Search code examples
javascriptregexlanguage-agnostic

How to parse and capture any measurement unit


In my application, users can customize measurement units, so if they want to work in decimeters instead of inches or in full-turns instead of degrees, they can. However, I need a way to parse a string containing multiple values and units, such as 1' 2" 3/8. I've seen a few regular expressions on SO and didn't find any which matched all cases of the imperial system, let alone allowing any kind of unit. My objective is to have the most permissive input box possible.

So my question is: how can I extract multiple value-unit pairs from a string in the most user-friendly way?


I came up with the following algorithm:

  1. Check for illegal characters and throw an error if needed.
  2. Trim leading and trailing spaces.
  3. Split the string into parts every time there's a non-digit character followed by a digit character, except for .,/ which are used to identify decimals and fractions.
  4. Remove all spaces from parts, check for character misuse (multiple decimal points or fraction bars) and replace '' with ".
  5. Split value and unit-string for each part.

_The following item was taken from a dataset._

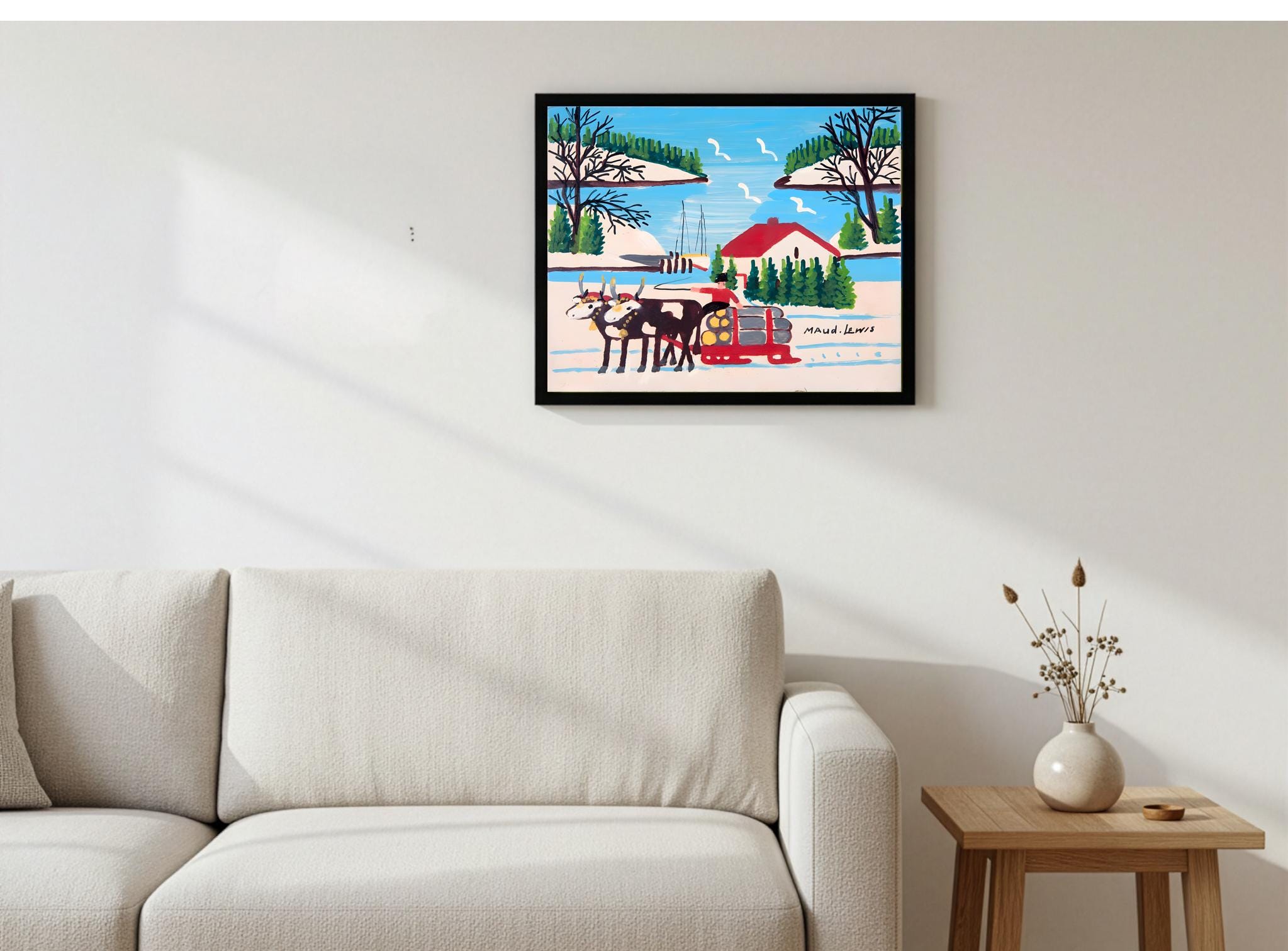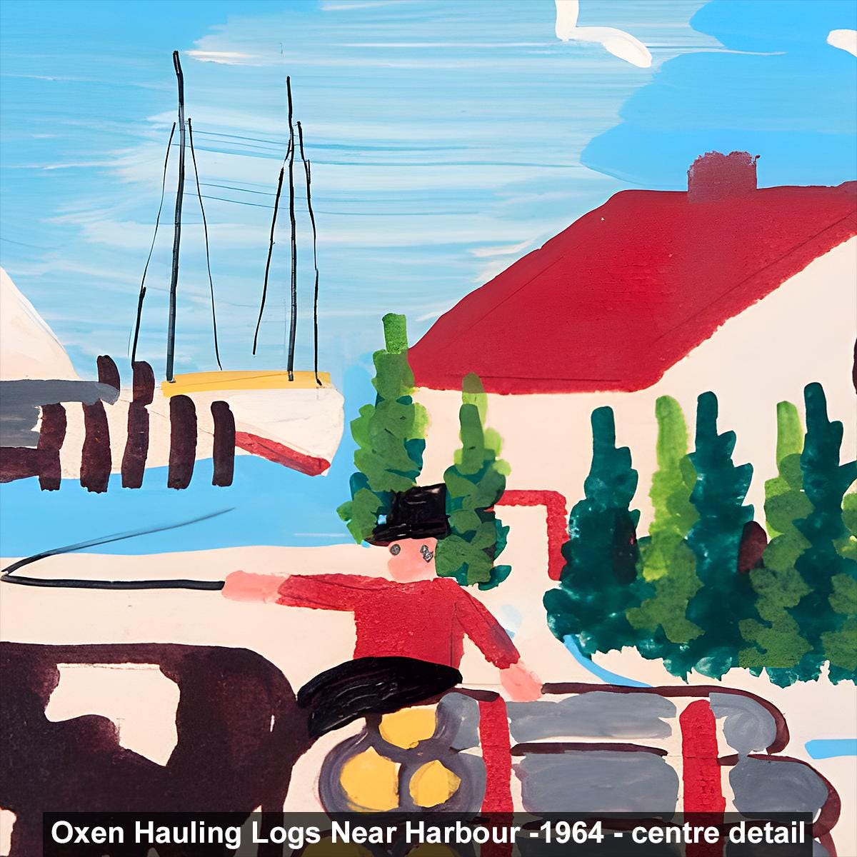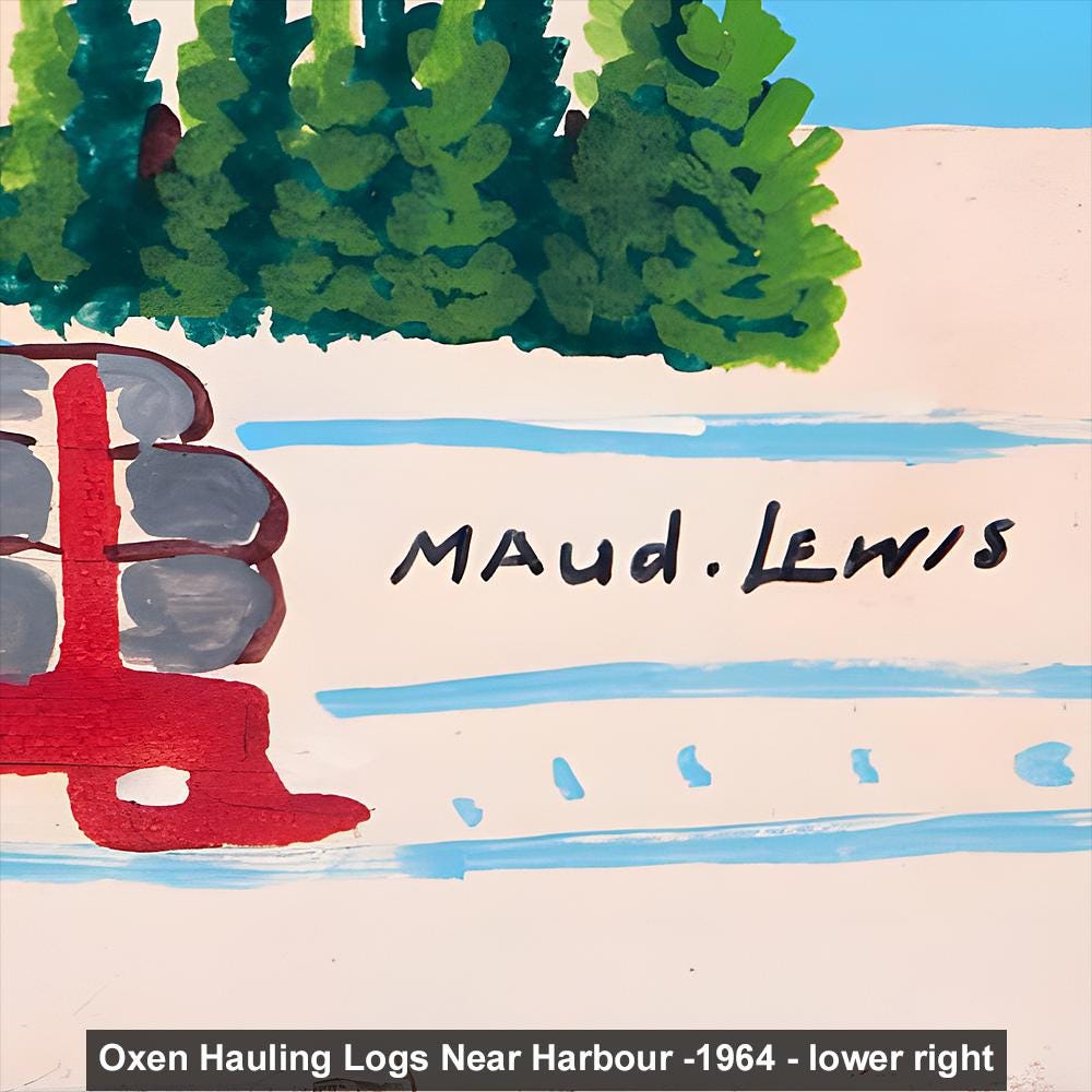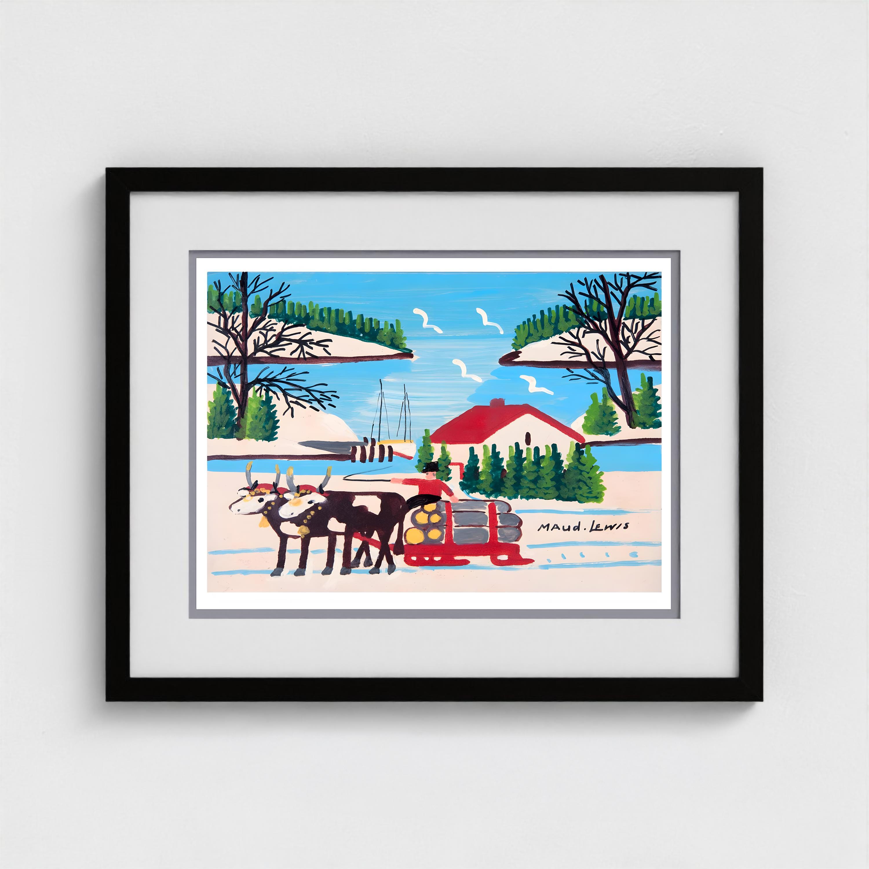 Maud Lewis, Oxen Hauling Logs Near Harbour -1964 | Vintage Canadian Folk Art

If a part has no unit:
    • If it is the first part, use the default unit.
    • Else if it is a fraction, consider it as the same unit as the previous part.
    • Else if it isn't, consider it as in, cm or mm based on the previous part's unit.
    • If it isn't the first part and there's no way to guess the unit, throw an error.
  6. Check if units mean something, are all of the same system (metric/imperial) and follow a descending order (ft > in > fraction or m > cm > mm > fraction), throw an error if not.
  7. Convert and sum all parts, performing division in the process.

I guess I could use string manipulation functions to do most of this, but I feel like there must be a simpler way through regex.


I came up with a regex:
((\d+('|''|"|m|cm|mm|\s|$) *)+(\d+(\/\d+)?('|''|"|m|cm|mm|\s|$) *)?)|((\d+('|''|"|m|cm|mm|\s) *)*(\d+(\/\d+)?('|''|"|m|cm|mm|\s|$) *))

It only allows fractions at the end and allows to place spaces between values. I've never used regex capturing though, so I'm not so sure how I'll manage to extract the values out of this mess. I'll work again on this tomorrow.


Solution

  • Note: This answer was last revised in 2024, in an attempt to preserve most of the information found in the original while using modern JavaScript features.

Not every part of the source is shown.